(Extracted data entries)
>>>>>

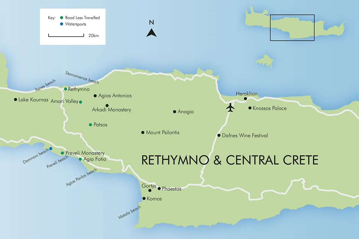 As the birthplace of Zeus, Central Crete carries a certain historic and spiritual gravitas. Knossos, the Minoan Bronze Age palace, steals the show, but there are many other smaller archaeological sites, churches and towns to cast you back in time. However, with harbourside dining, beautiful beaches, mountain villages and vibrant summer festivals, the here and now also has a lot to offer. And Rethymno, which has clung on to much of its authentic beauty and charm, is a welcome addition to your island experience.
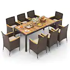 Costway - 7 Pieces Outdoor Wicker Dining Set with Acacia Wood Table and 6 Armchairs - Mix Gray,BeigeBlack Friday Deal$398.99Your price for this item is $398.99
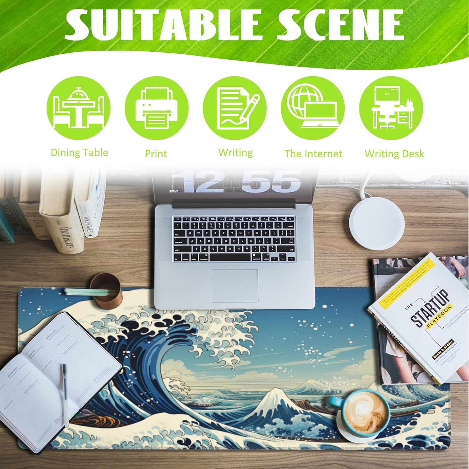 Desk Mat,Blue Japanese Sea Wave Desk Pad,Japanese Sea Wave Large Gaming Mouse Pad for Desk,Extended Big Computer Keyboard Mouse Pad with Non-Slip Base and Stitched Edge,31.5"x11.8"
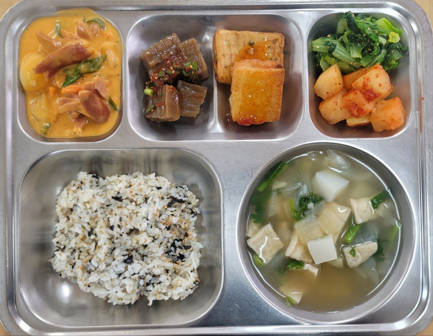 [중식] 후리카케김가루밥,모듬어묵국,로제치즈쏙옹볶이,멘보샤&어두부전,도토리묵&양념장,단배추나물(자율),깍두기
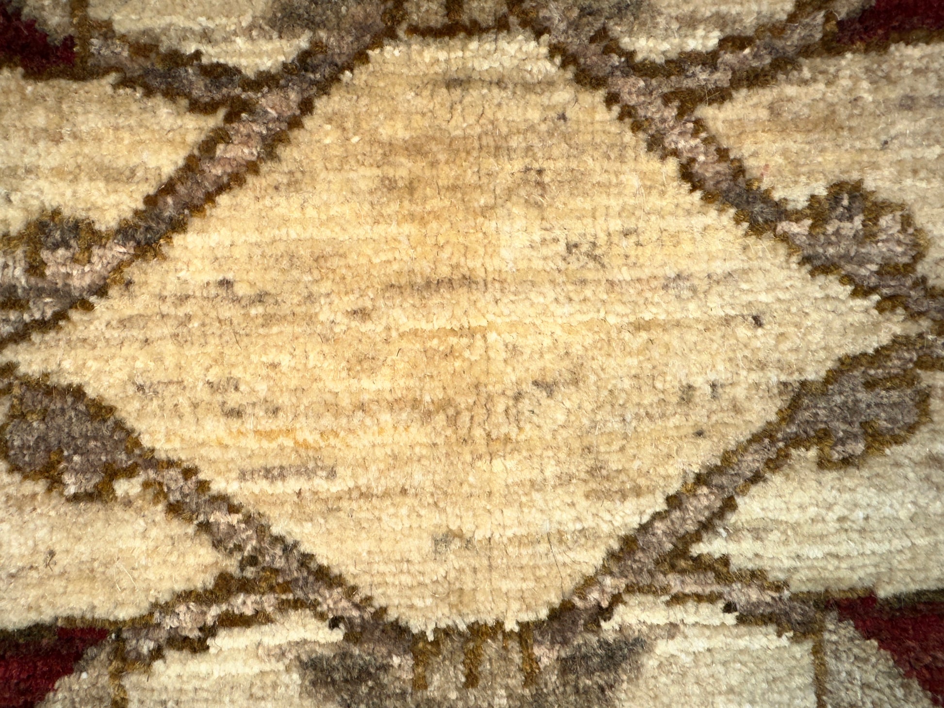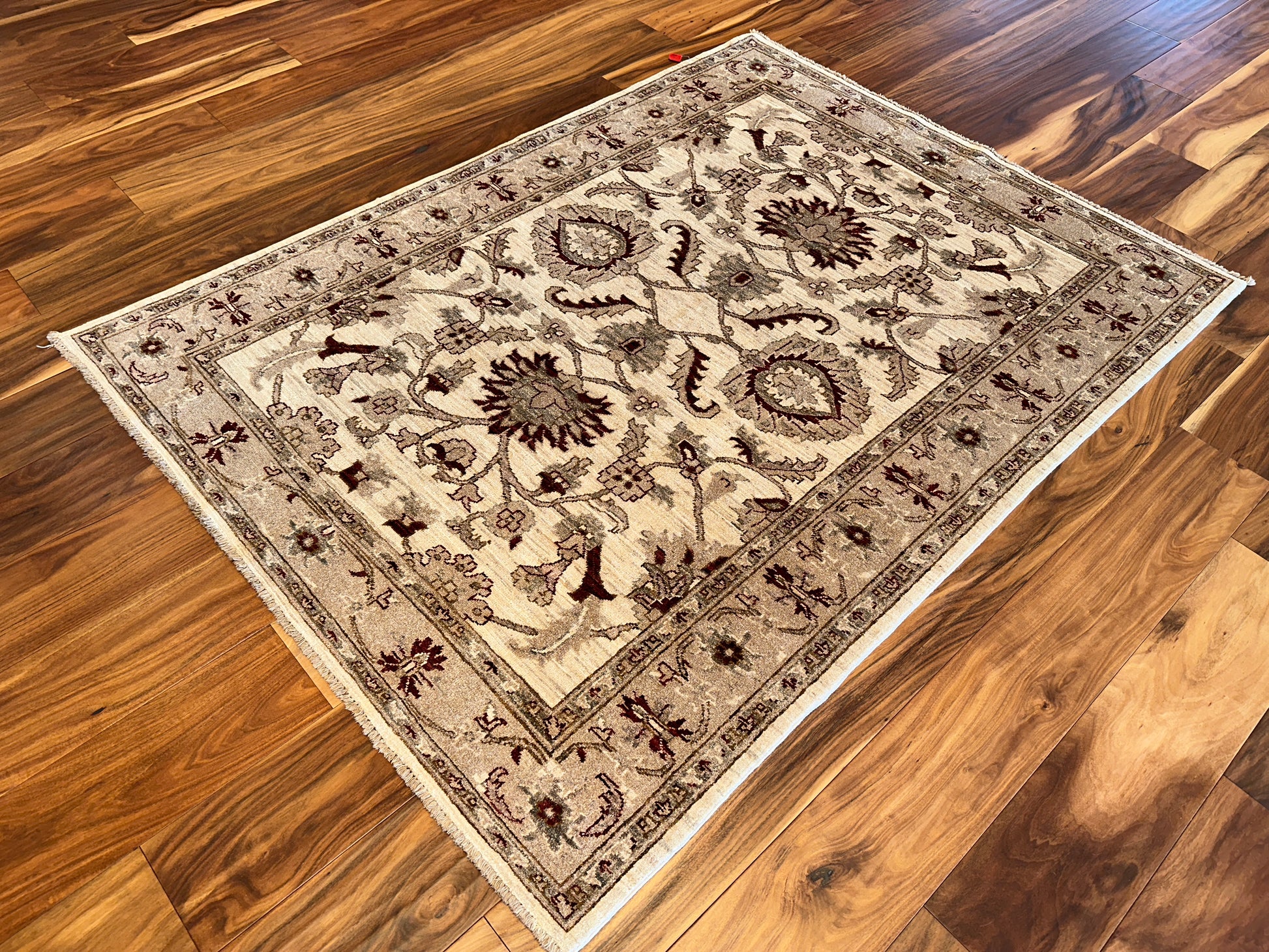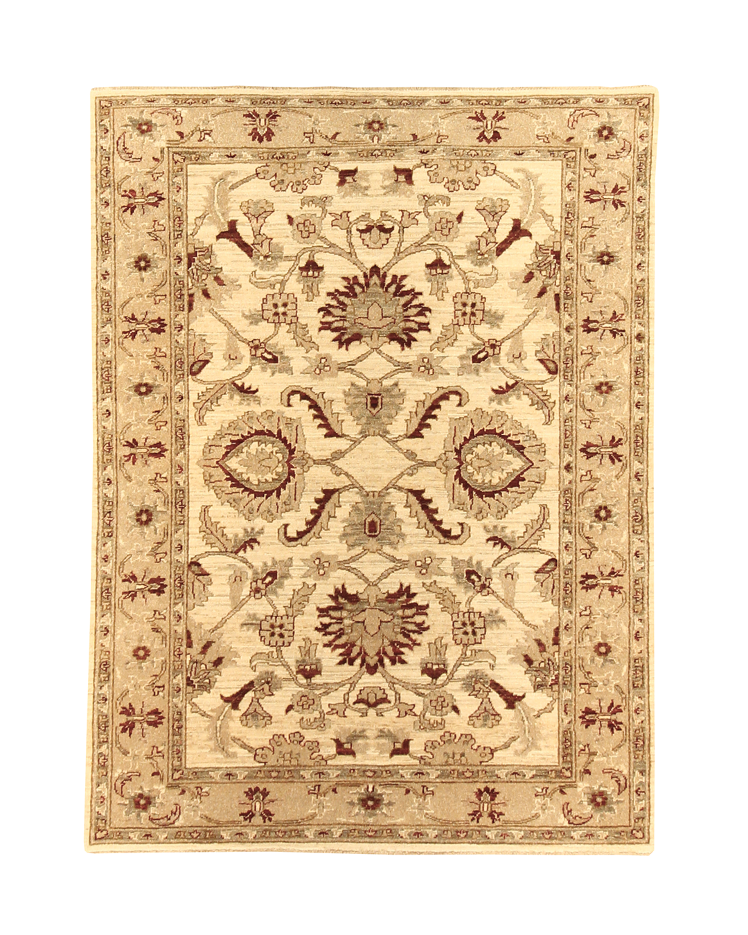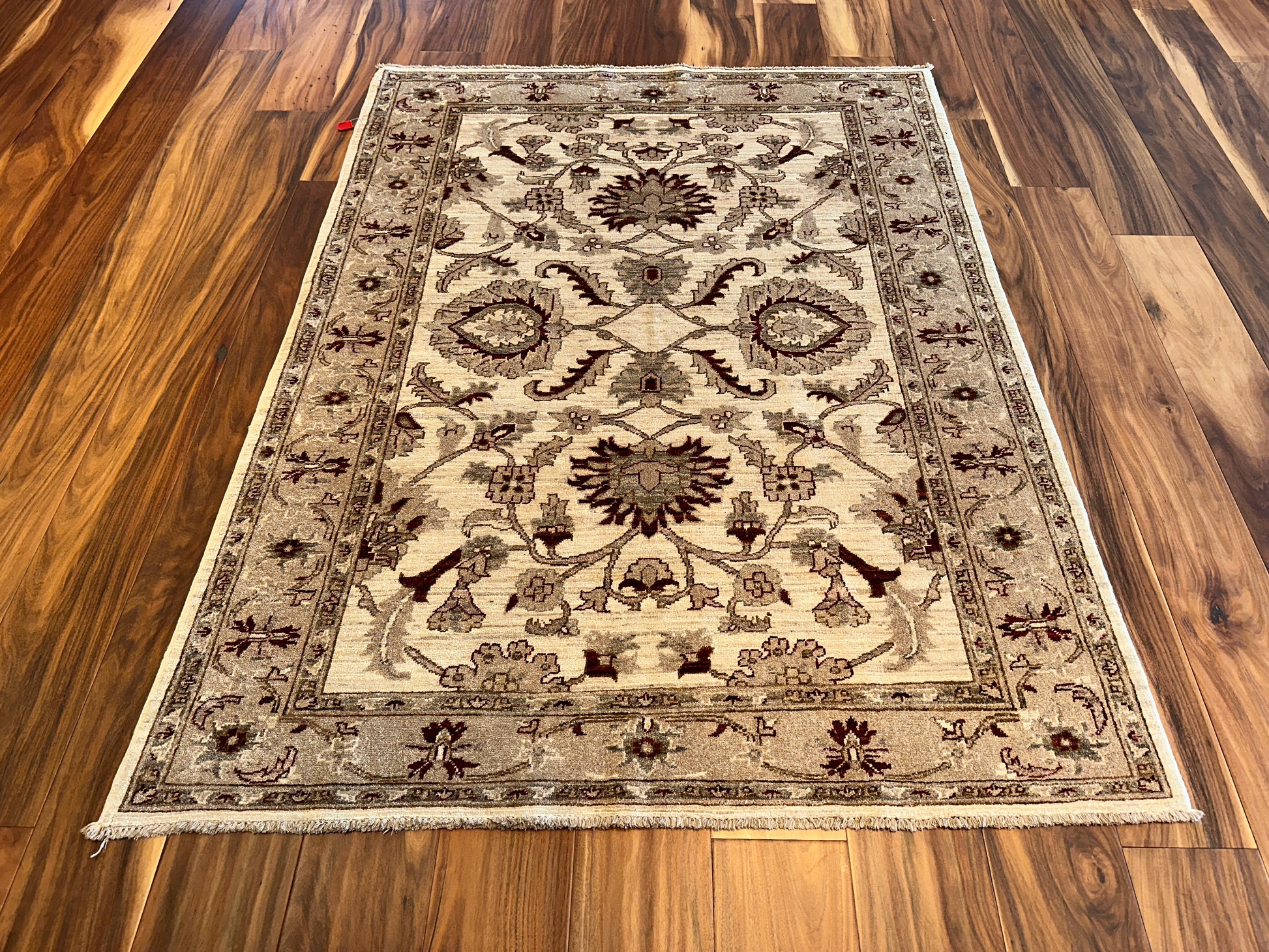 This handmade rug presents a classic botanical design with large-scale floral motifs and scrolling vines arranged symmetrically across a soft beige field. Deep burgundy and taupe accents lend a sense of warmth and refinement, while the fine border detailing brings balance and sophistication to the overall composition.

<<<<<

#### [Task directions]
Restate the data above word for word, so that the only difference is the missing pictures.

#### [Your response]
 As the birthplace of Zeus, Central Crete carries a certain historic and spiritual gravitas. Knossos, the Minoan Bronze Age palace, steals the show, but there are many other smaller archaeological sites, churches and towns to cast you back in time. However, with harbourside dining, beautiful beaches, mountain villages and vibrant summer festivals, the here and now also has a lot to offer. And Rethymno, which has clung on to much of its authentic beauty and charm, is a welcome addition to your island experience.
 Costway - 7 Pieces Outdoor Wicker Dining Set with Acacia Wood Table and 6 Armchairs - Mix Gray,BeigeBlack Friday Deal$398.99Your price for this item is $398.99
 Desk Mat,Blue Japanese Sea Wave Desk Pad,Japanese Sea Wave Large Gaming Mouse Pad for Desk,Extended Big Computer Keyboard Mouse Pad with Non-Slip Base and Stitched Edge,31.5"x11.8"
 [중식] 후리카케김가루밥,모듬어묵국,로제치즈쏙옹볶이,멘보샤&어두부전,도토리묵&양념장,단배추나물(자율),깍두기
 This handmade rug presents a classic botanical design with large-scale floral motifs and scrolling vines arranged symmetrically across a soft beige field. Deep burgundy and taupe accents lend a sense of warmth and refinement, while the fine border detailing brings balance and sophistication to the overall composition.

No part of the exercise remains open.